Many years ago, there lived a wise emperor, who decreed that all stories told about him should begin with the words “Many years ago, there lived a wise emperor”; which shows what a blithering idiot he really was. This emperor desired to have new suit made for him, and managed to get bamboozled by the one single con-artist in the entire land who told him that he would make him clothes that only wise men could see.
Being a blithering idiot, the king believed him, and seeing that he could not see the clothes himself, he decided to make pretend that he did see them, neglecting the fact that all the dumb people of the nation would surely see parts of him he would rather they didn’t.
And so it was that he put on his invisible clothes and paraded his very-visible self through the streets as all the dumb people made pretend that they couldn’t see anything, until one little boy who couldn’t have been more then six or seven years old, opened his big mouth and ruined it for everybody by saying “Hey! The emperor doesn’t have any clothes”. The emperor turned a delicate shade of fire-engine red, sentenced the boy to death, and then lived happily every after.
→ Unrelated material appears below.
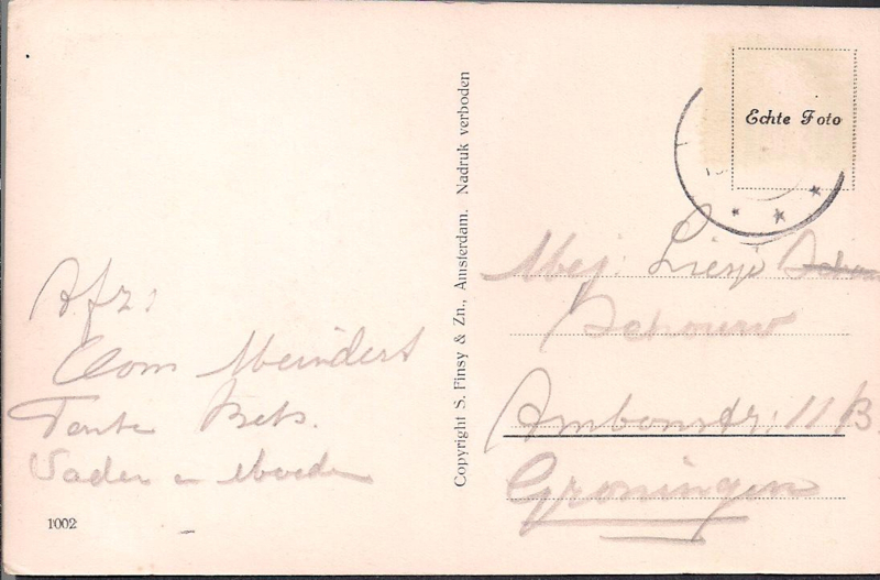 S.Finsy & zn. Amsterdam. De kaart is in zeer goede beschreven staat.

In the year 2011, Gore-Tex, the largest manufacturer of strange textiles and dental floss, discovered that they had discovered every type of textile known to man; they had expanded their horizons as far as humanity could reach, and the only thing they hadn’t discovered yet was Nothing. This too, they promptly set out to find, and in short order had developed a commercially viable prototype of Nothing, an extremely durable material that was also very light and airy, which they promptly trademarked.
The fashion industry jumped at the opportunity to incorporate Nothing into their clothing designs- this was the one material they had never used, and soon Gore-Tex was producing rolls of Nothing as fast they could load empty spools into their weaving machines. In short order Giorgio Armani, Dolce & Gabbana, Gucci and Ralph Lauren had each created their own line of Nothing products, each with their own unique look and feel.
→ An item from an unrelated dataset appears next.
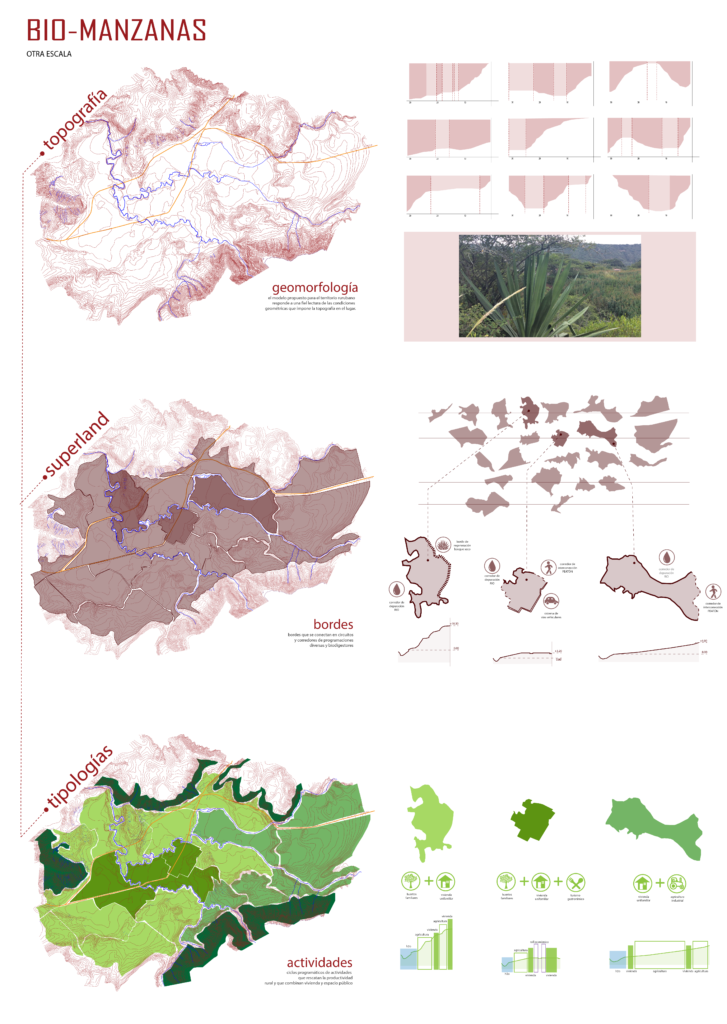 Las bio manzanas son piezas de territorio definidas por bordes con programaciones especificas y condiciones topográficas que evidencian la interrelación entre ladera y valle como condicionante para el desarrollo territorial. Nuevas geometrías heterogéneas y alabeadas que albergan distintos tipos de tipologías de actividades rurales.

The largest setback of course, was the fact that no one would know that the wearer was wearing Nothing, let alone that the Nothing was created by the leading designers of fashion. This problem was overcome by including a rectangular sticker in the box which the Nothing was packaged in, on which was written “The Nothing worn by this individual was designed and created by Gucci”.
This sticker was to be stuck to the right of the navel to indicate a Nothing shirt and on the right thigh to indicate Nothing pants. Another solution was to package the nothing in a designer handbag, thus the wearer could indicate by the fact that they had an Armani bag over their shoulder that the Nothing they were wearing on the rest of their body was Armani too.
The success of Nothing was like nothing seen before, it caught the entire world by storm and soon basically everybody in the world was walking around wearing Nothing, except for a few individuals who didn’t like the look. Soon cheap imitations were being manufactured in china and the public was warned to stay away from these cheaper look-alikes, they were said to be of lesser quality and would soon fall apart, in addition to the fact that the adhesive on the sticker was very weak and that close scrutiny would reveal a sticker on the back of the sticker that said “made in china”.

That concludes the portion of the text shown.